If so, this looks like trying to ground out ‘what are counterfactuals?’ in terms of the psychology of reasoning: it feels to me like I could have chosen to get something to drink or keep typing, and the interesting thing is where that feeling comes from (and what role it serves and so on). Maybe another way to think of this is something like “what are hypotheticals?”: when I consider a theorem, it seems like the theorem could be true or false, and the process of building out those internal worlds until one collapses is potentially quite different from the standard presentation of a world of Bayesian updating. Similarly, when I consider my behavior, it seems like I could take many actions, and then eventually some actions happen. Even if I never take action A (and never would have, for various low-level deterministic reasons), it’s still part of my hypothetical space, as considered in the real universe. Here, ‘actions I could take’ has some real instantiation, as ‘hypotheticals I’m considering implicitly or explicitly’, complete with my confusions about those actions (“oh, turns out that action was ‘choke on water’ instead of ‘drink water’. Oops.”), as opposed to some Platonic set of possible actions, and the thermostat that isn’t considering hypotheticals is rightly viewed as having ‘no actions’ even tho it’s more reactive than a rock.

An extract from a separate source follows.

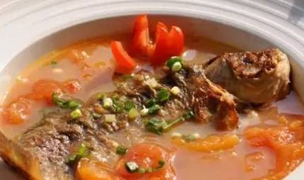 材料:鯽魚1條、西紅柿2個、小蔥2根、薑1塊、食鹽適量、胡椒粉少許、黃酒少許、色拉油適量
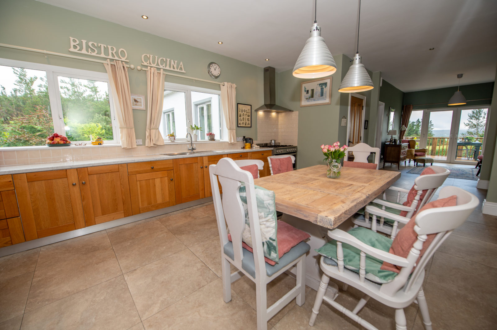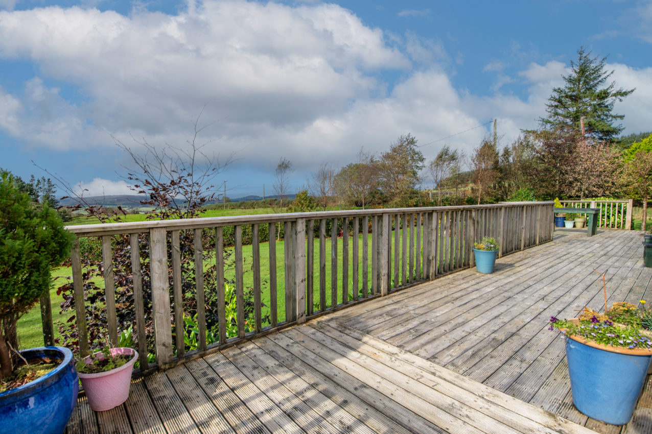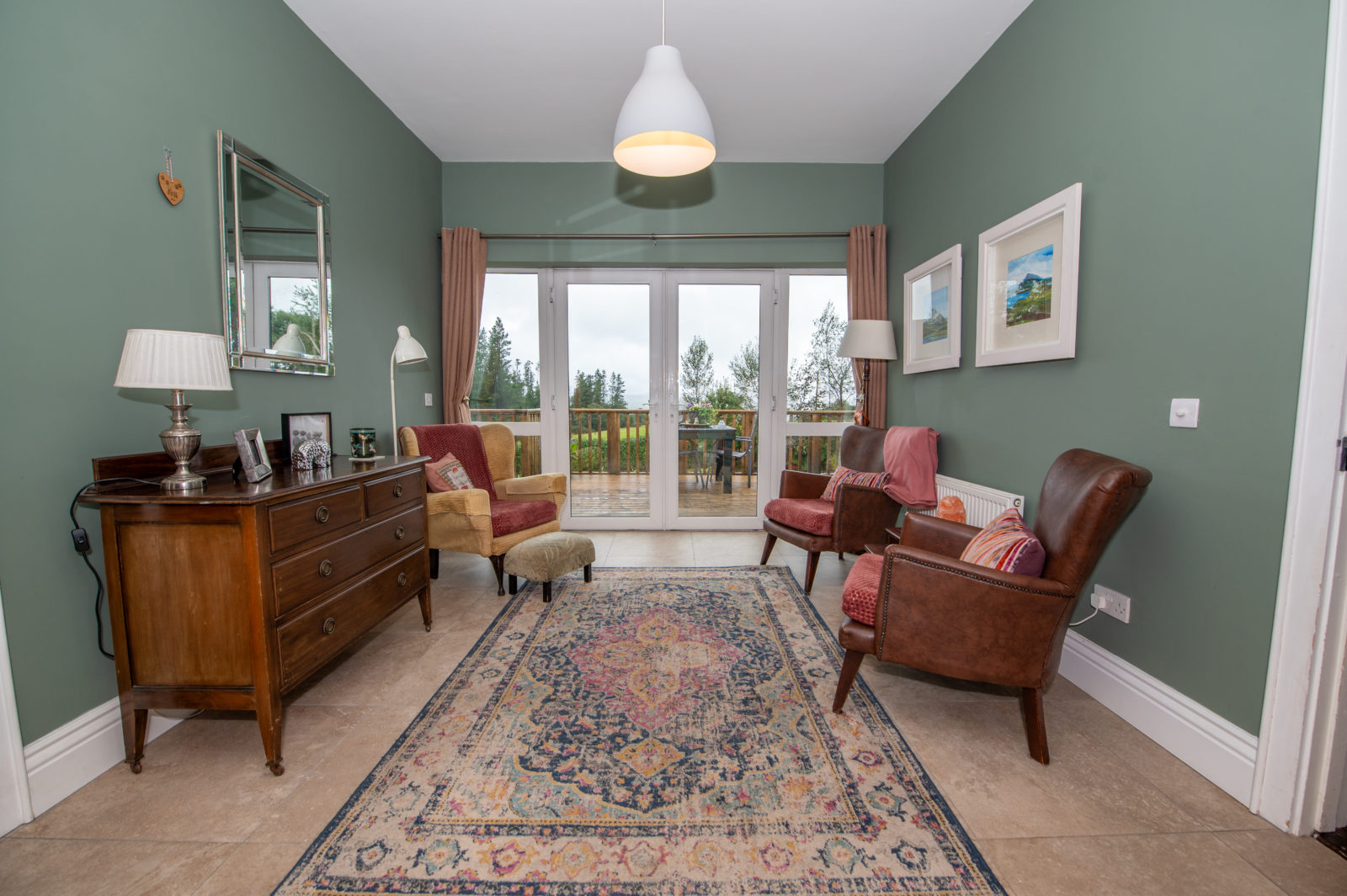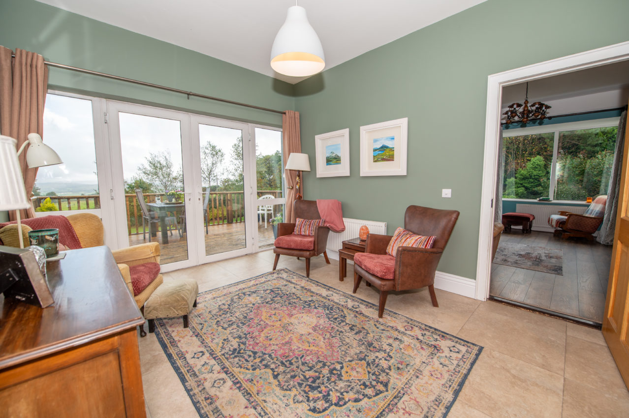 Family Room; 3.86m x 3.20m spectacular far-reaching rural views and opens via double fully glazed PVC doors onto a wraparound deck, door to;

This seems promising, but collides with one of the major obstacles I have in thinking about embedded agency; it seems like the descriptive problem of “how am I doing hypothetical reasoning?” is vaguely detached from the prescriptive question of “how should I be doing hypothetical reasoning?” or the idealized question of “what are counterfactuals?”. It’s not obvious that we have an idealized view of ‘set of possible actions’ to approximate, and if we build up from my present reasoning processes, it seems likely that there will be some sort of ontological shift corresponding to an upgrade that might break lots of important guarantees. That said, this may be the best we have to work with.